What you return should be the lines from the one with "营销的核心目标在于不断提升商品的总价值,并努力降低顾客的购买总成本。" through the one with "组件温度/℃ | 环境温度/℃ |" in the data below, reproduced exactly with both ends, and no pictures at all.
**** Information given
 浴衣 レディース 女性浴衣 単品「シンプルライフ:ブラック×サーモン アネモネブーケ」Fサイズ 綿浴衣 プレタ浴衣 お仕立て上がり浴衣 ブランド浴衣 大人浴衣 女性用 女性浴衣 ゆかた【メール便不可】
********
**** Information given
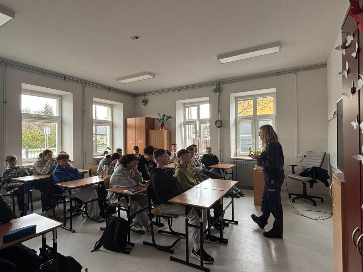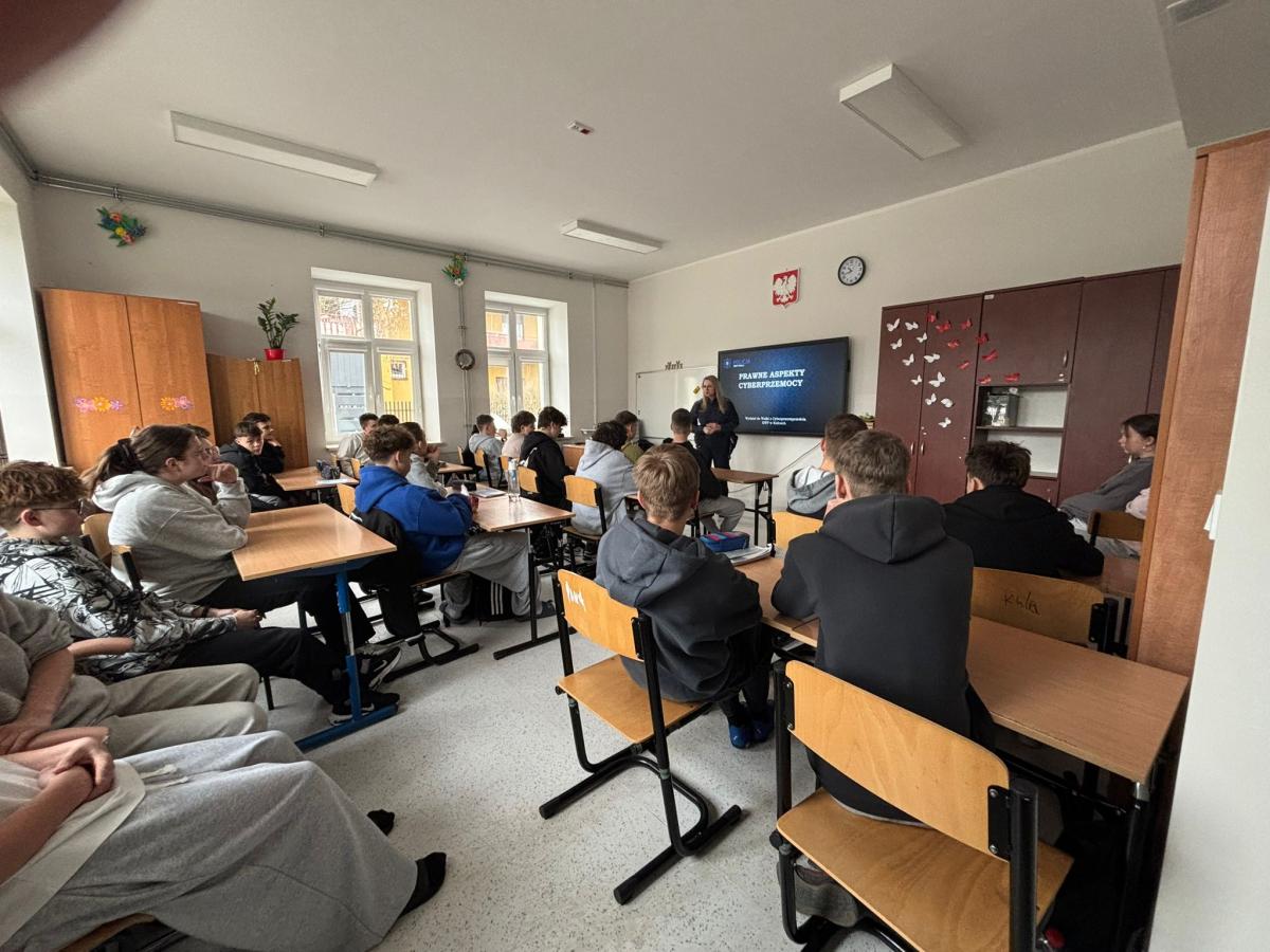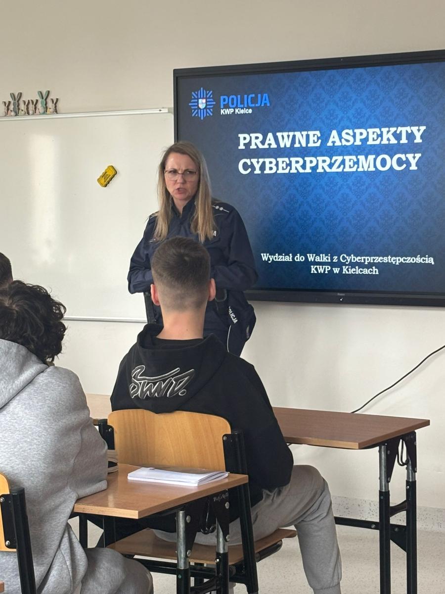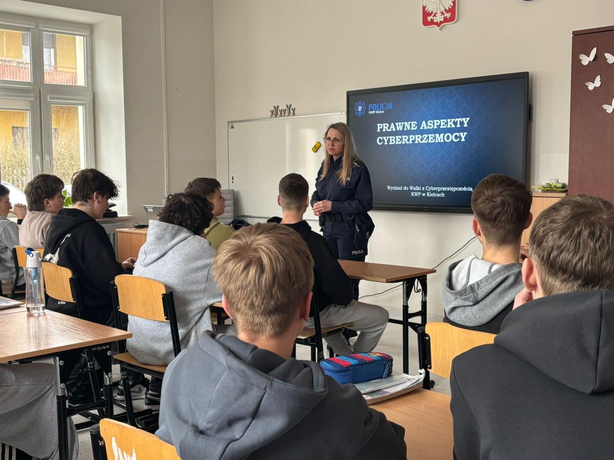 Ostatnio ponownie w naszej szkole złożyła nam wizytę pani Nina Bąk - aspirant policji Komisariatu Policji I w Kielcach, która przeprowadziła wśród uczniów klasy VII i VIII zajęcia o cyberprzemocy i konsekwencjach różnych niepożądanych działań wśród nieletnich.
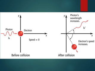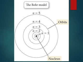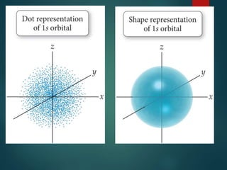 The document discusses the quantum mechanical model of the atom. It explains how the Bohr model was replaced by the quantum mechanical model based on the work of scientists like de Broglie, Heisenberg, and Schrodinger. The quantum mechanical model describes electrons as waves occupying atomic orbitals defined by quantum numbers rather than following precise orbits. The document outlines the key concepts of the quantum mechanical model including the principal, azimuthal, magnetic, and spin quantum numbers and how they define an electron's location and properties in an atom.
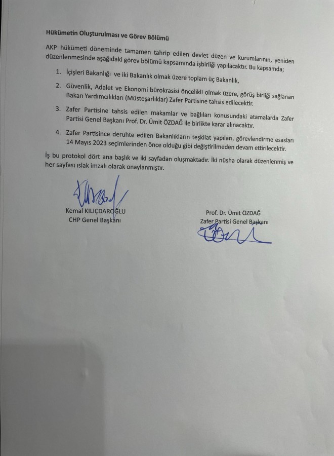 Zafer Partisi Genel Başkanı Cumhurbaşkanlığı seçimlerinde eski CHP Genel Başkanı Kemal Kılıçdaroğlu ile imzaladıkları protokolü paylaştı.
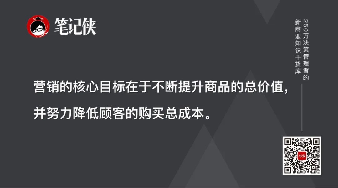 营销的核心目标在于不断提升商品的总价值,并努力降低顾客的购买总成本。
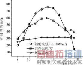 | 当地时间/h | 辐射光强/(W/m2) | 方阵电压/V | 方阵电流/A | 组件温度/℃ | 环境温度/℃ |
********
### Exercise answer
 营销的核心目标在于不断提升商品的总价值,并努力降低顾客的购买总成本。
 | 当地时间/h | 辐射光强/(W/m2) | 方阵电压/V | 方阵电流/A | 组件温度/℃ | 环境温度/℃ |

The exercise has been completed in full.